The fungal strains used in this study are all haploid and expected to harbour low genome complexity (e.g. small percentage of repetitive elements) [5, 46–48]. From previous studies, the expected size of the genomes are 48 Mb for Apiospora pterospermum [46], between 29–36 Mb for Aspergillus westerdijkiae and Aspergillus sp. (subgen. Cremei) [49], and between 28.3–40.9 Mb for Penicillium aurantiogriseum [50].
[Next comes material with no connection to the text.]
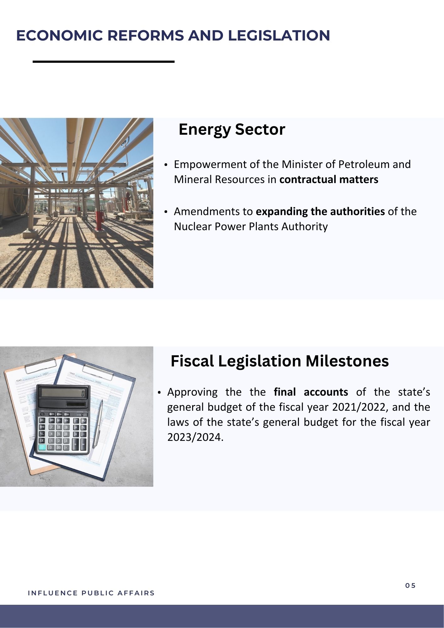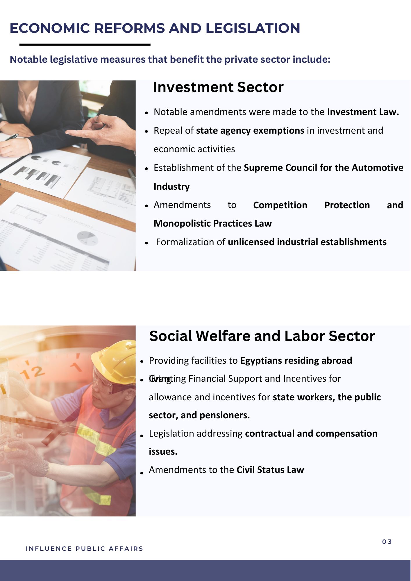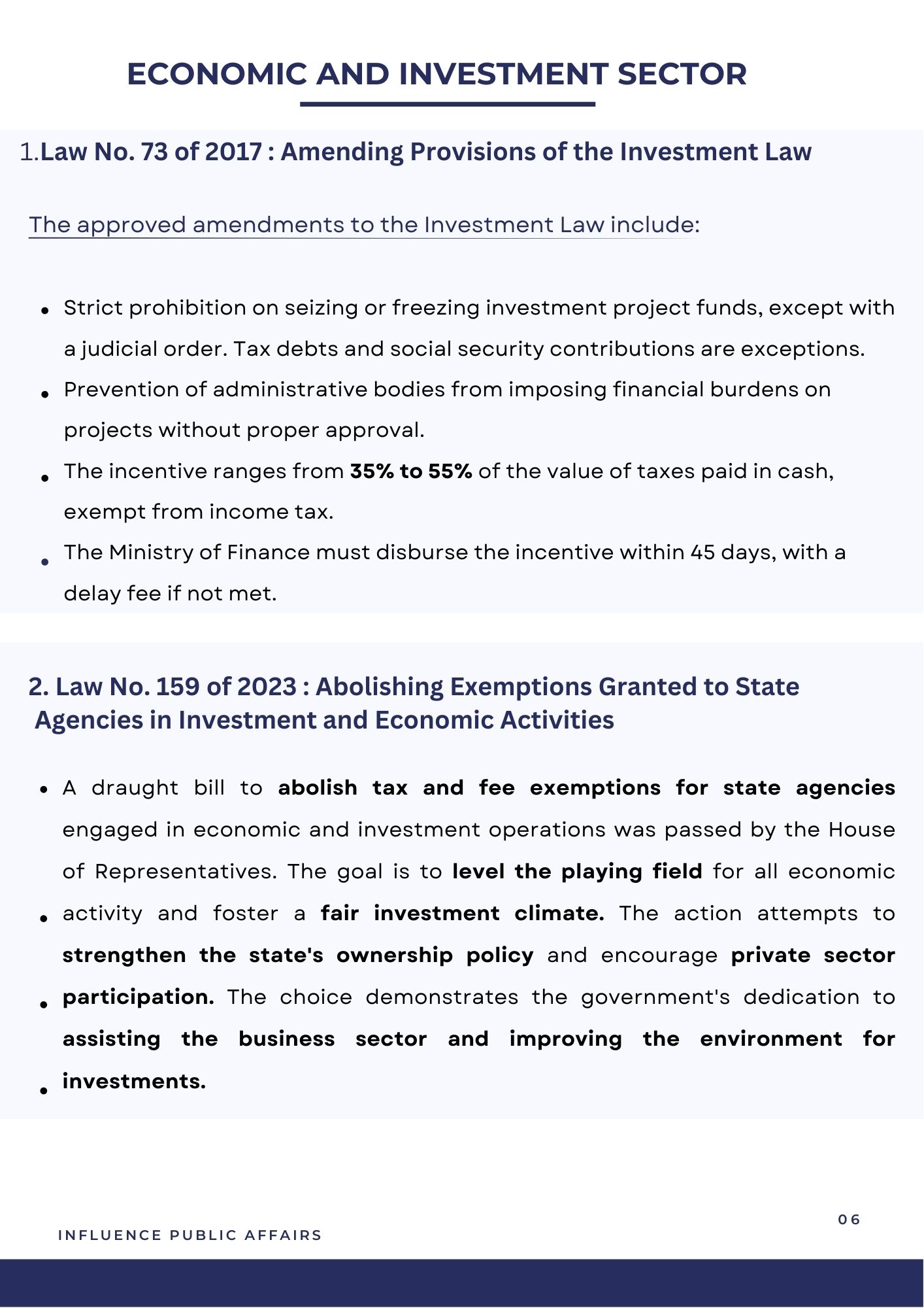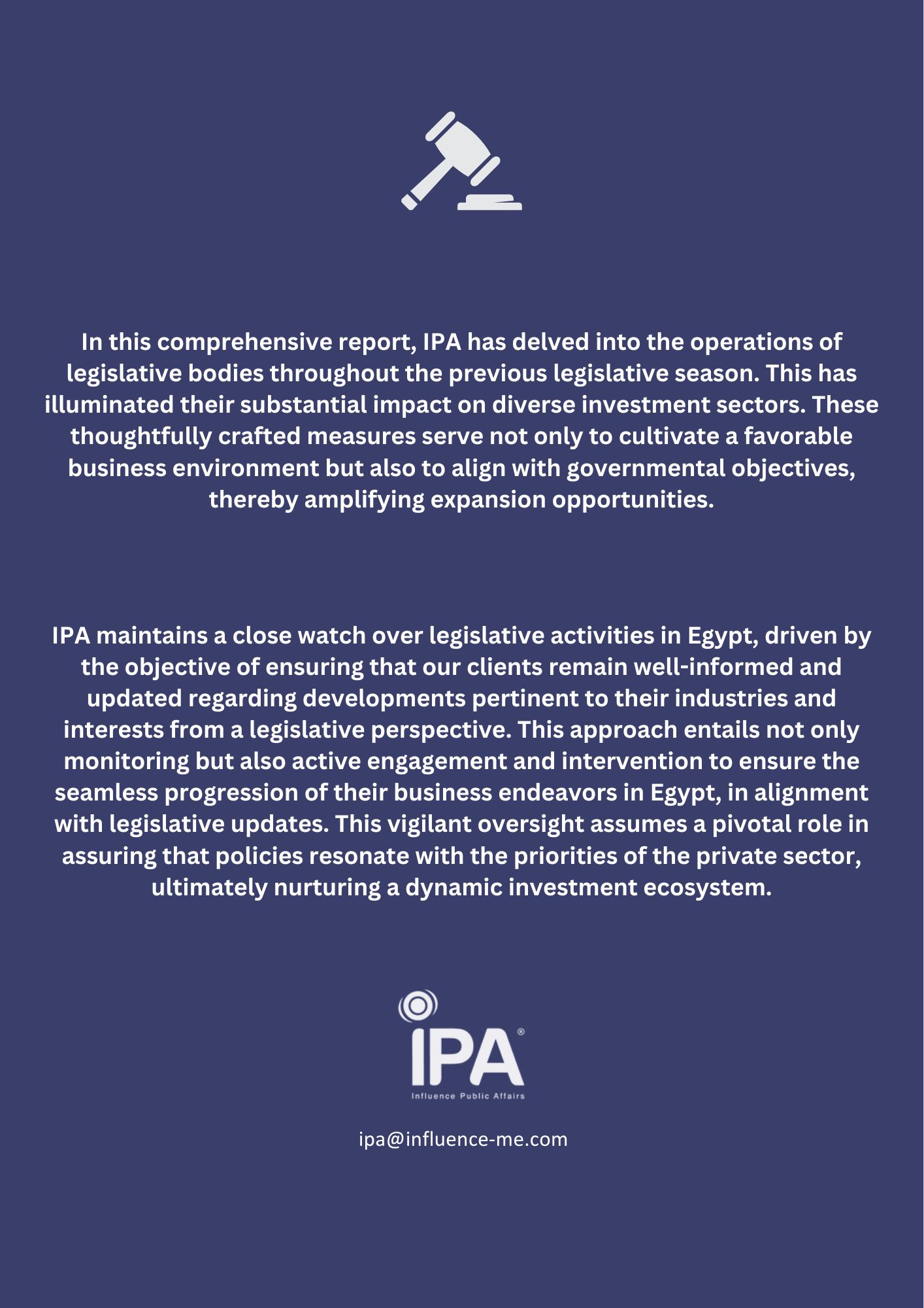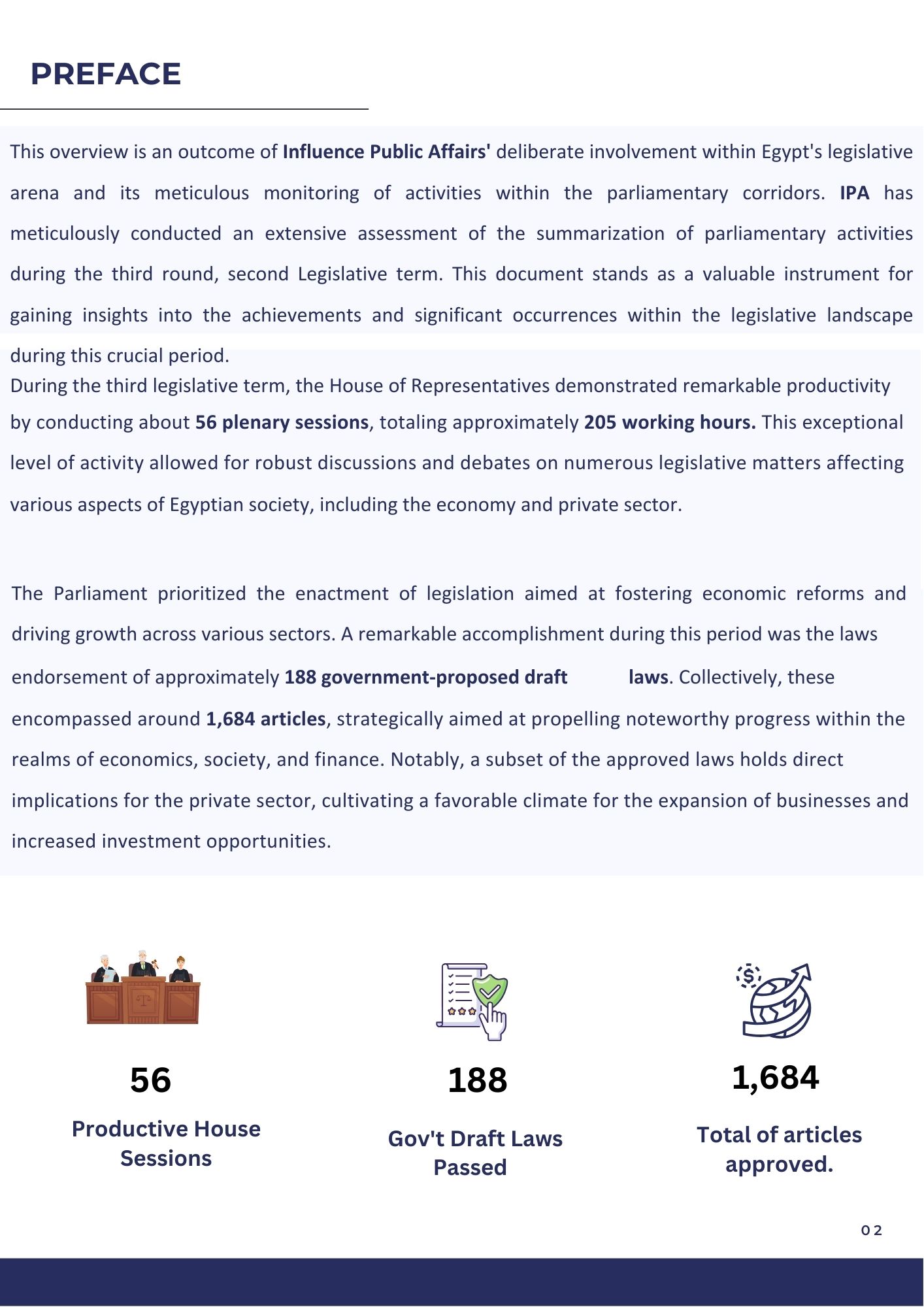 This overview is an outcome of Influence Public Affairs' deliberate involvement within Egypt's legislative arena and its meticulous monitoring of activities within the parliamentary corridors. IPA has meticulously conducted an extensive assessment of the summarization of parliamentary activities during the third round, second Legislative term. This document stands as a valuable instrument for gaining insights into the achievements and significant occurrences within the legislative landscape during this crucial period
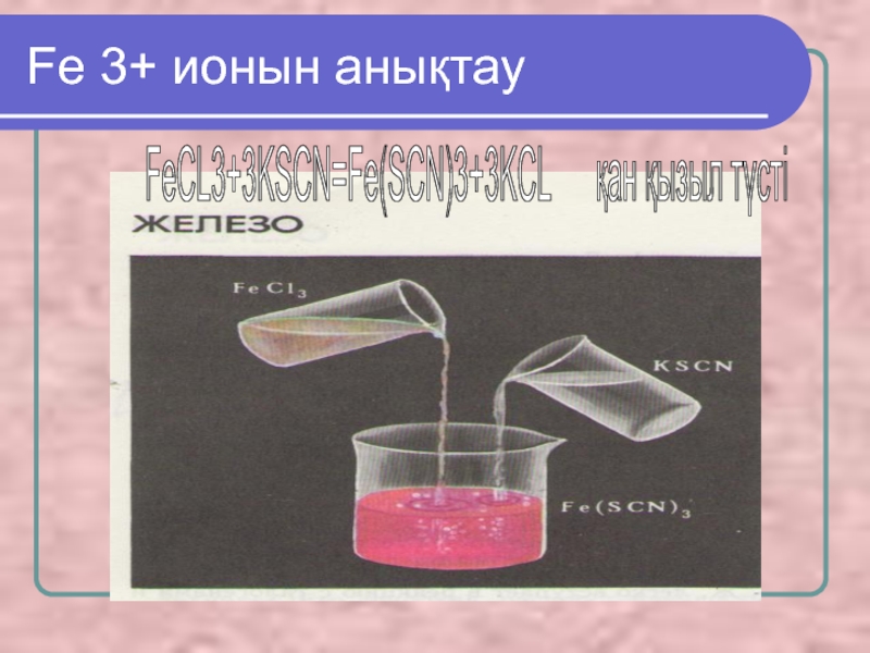 FeCL3+3KSCN=Fe(SCN)3+3KCL қан қызыл түсті

De novo assemblies for the filamentous ascomycetes were created using open-source bioinformatics software (Fig. 2). The software chosen in this workflow is an example of software, which can be used in an assembly process. It is possible that other software components can create similar or even slightly better results. The purpose of this part of the study is not to document the performance of different software, but to show a workflow that is sufficient to achieve high quality genome drafts. These tools were chosen because they performed comparable to more computer-intensive options [51–53] as well as during testing in our hands. However, software and algorithms for genome assembly and analysis are under rapid development [54]. It is therefore recommended to update the used software to the newest version and test substitute components for future better options.

Fig. 2.

Fig. 2.

Overview of the bioinformatics workflow. Programs used in the different steps are denoted with italics. Nucleotide mismatches are marked as red squares. Statistics with regard to the four fungi analysed in this study can be found in Table 1. Guppy is used for basecalling and demultiplexing the raw reads. Reads ≥10 kb and quality threshold ≥80 are removed using Filtlong. After filtering of the reads, an assembly can be created using the assembler Miniasm but it requires read-to-read overlap. To perform this, the program Minimap2 is used. Polishing of the consensus is performed using the two programs Racon and Medaka since these have shown to increase the completeness significantly. A second round of Medaka can be used to polish the assembly.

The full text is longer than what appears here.